A verbatim repetition of the data below is requested, without images.
----- Provided records
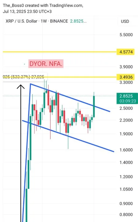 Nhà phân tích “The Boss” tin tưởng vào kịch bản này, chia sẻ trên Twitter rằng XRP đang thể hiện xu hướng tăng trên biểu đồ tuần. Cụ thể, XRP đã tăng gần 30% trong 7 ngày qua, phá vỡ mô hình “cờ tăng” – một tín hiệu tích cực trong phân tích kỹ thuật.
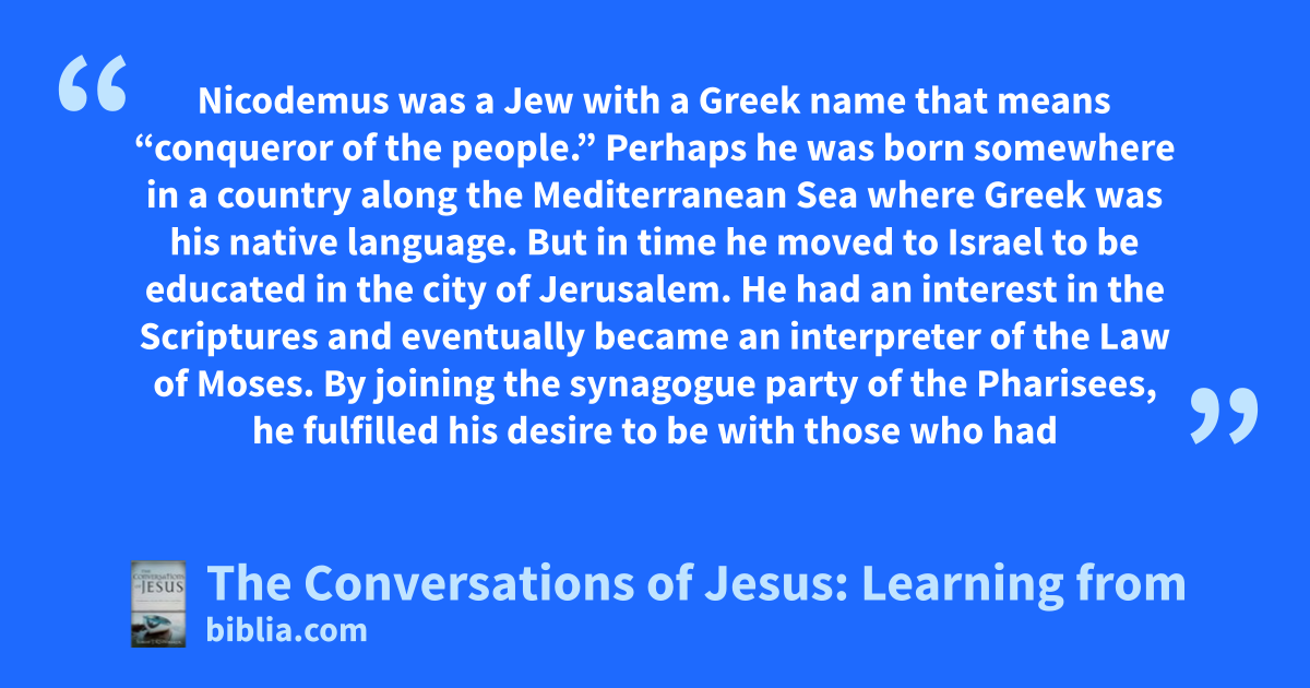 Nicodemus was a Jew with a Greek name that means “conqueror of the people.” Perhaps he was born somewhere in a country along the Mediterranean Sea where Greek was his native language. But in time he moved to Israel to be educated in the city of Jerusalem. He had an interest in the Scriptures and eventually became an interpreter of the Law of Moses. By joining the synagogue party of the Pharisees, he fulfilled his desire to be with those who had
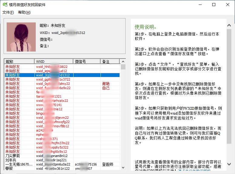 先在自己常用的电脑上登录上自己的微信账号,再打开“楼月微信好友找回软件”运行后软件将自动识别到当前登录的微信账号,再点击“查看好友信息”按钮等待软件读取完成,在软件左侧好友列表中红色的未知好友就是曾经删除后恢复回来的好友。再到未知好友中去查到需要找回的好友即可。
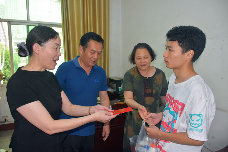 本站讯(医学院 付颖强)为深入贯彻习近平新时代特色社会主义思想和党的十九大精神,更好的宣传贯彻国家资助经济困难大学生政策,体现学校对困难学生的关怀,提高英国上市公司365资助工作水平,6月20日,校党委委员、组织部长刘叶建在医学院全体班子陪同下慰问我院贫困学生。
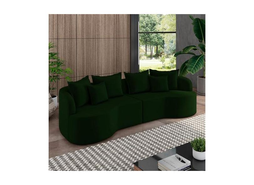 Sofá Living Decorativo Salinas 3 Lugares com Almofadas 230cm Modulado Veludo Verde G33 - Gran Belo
----------
**Response for this exercise:**
 Nhà phân tích “The Boss” tin tưởng vào kịch bản này, chia sẻ trên Twitter rằng XRP đang thể hiện xu hướng tăng trên biểu đồ tuần. Cụ thể, XRP đã tăng gần 30% trong 7 ngày qua, phá vỡ mô hình “cờ tăng” – một tín hiệu tích cực trong phân tích kỹ thuật.
 Nicodemus was a Jew with a Greek name that means “conqueror of the people.” Perhaps he was born somewhere in a country along the Mediterranean Sea where Greek was his native language. But in time he moved to Israel to be educated in the city of Jerusalem. He had an interest in the Scriptures and eventually became an interpreter of the Law of Moses. By joining the synagogue party of the Pharisees, he fulfilled his desire to be with those who had
 先在自己常用的电脑上登录上自己的微信账号,再打开“楼月微信好友找回软件”运行后软件将自动识别到当前登录的微信账号,再点击“查看好友信息”按钮等待软件读取完成,在软件左侧好友列表中红色的未知好友就是曾经删除后恢复回来的好友。再到未知好友中去查到需要找回的好友即可。
 本站讯(医学院 付颖强)为深入贯彻习近平新时代特色社会主义思想和党的十九大精神,更好的宣传贯彻国家资助经济困难大学生政策,体现学校对困难学生的关怀,提高英国上市公司365资助工作水平,6月20日,校党委委员、组织部长刘叶建在医学院全体班子陪同下慰问我院贫困学生。
 Sofá Living Decorativo Salinas 3 Lugares com Almofadas 230cm Modulado Veludo Verde G33 - Gran Belo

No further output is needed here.